Number of shares and votes
As of the date of this notice, there is a total of 292,571,459 shares in the Company, of which all are ordinary shares entitled to one vote per share. The Company does not hold any shares.
Shareholders’ right to information
Shareholders are reminded of their right to obtain information in accordance with Chapter 7 Section 32 of the Swedish Companies Act. The Board of Directors and the Chief Executive Officer shall, upon request by any shareholder, and where the Board of Directors believes that such may take place without significant harm to the Company, provide information in respect of any circumstances which may affect the assessment of an item on the agenda and the Company’s relation to other companies within the group.
Provision of documents
Relevant documents will be held available at the Company’s office on Klara Norra Kyrkogata 26, SE-111 22 Stockholm, Sweden and on the Company’s website, www.egetis.com, at least three weeks before the general meeting.
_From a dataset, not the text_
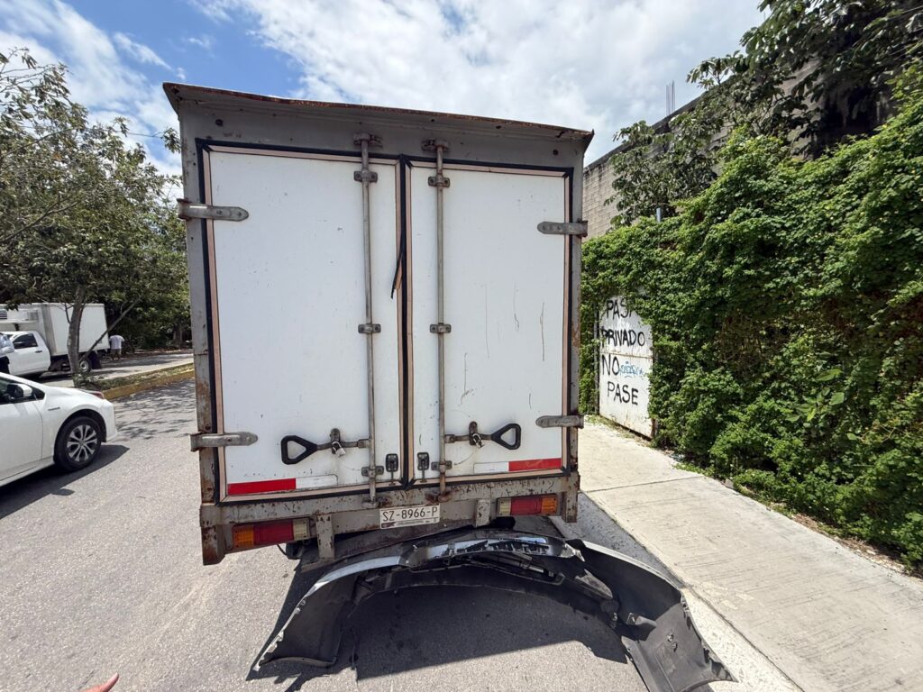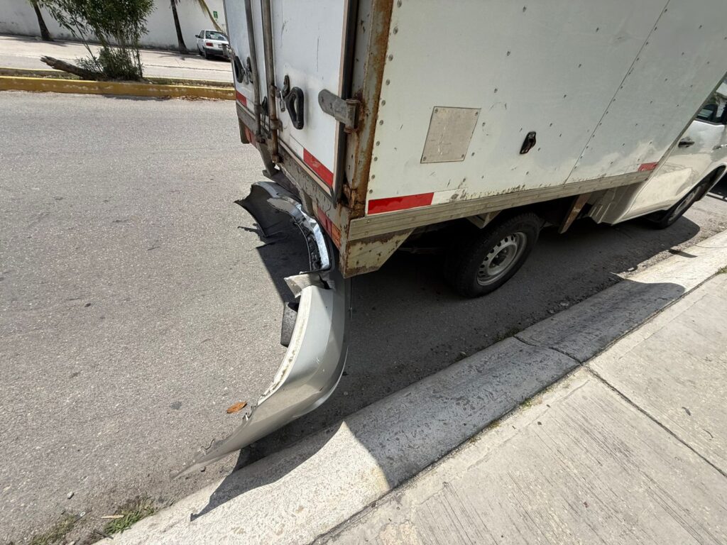 De acuerdo con los primeros reportes, el conductor de un vehículo Chevrolet Malibu color gris impactó por alcance a una camioneta Nissan blanca con caja cerrada, que transitaba sobre la misma vía. La fuerza del choque fue considerable, al grado de que la fascia delantera del automóvil quedó desprendida y parcialmente incrustada en la parte trasera de la unidad de carga, evidenciando la intensidad del impacto.

Copies of the documents will be sent to the shareholders who so request and inform the Company of their postal address.
Handling of personal data
Personal data in connection with the general meeting will be processed according to the Company’s privacy policy, which is available at https://www.egetis.com as well as the privacy policy available at Euroclear’s website, https://www.euroclear.com/dam/ESw/Legal/Privacy-notice-bolagsstammor-engelska.pdf.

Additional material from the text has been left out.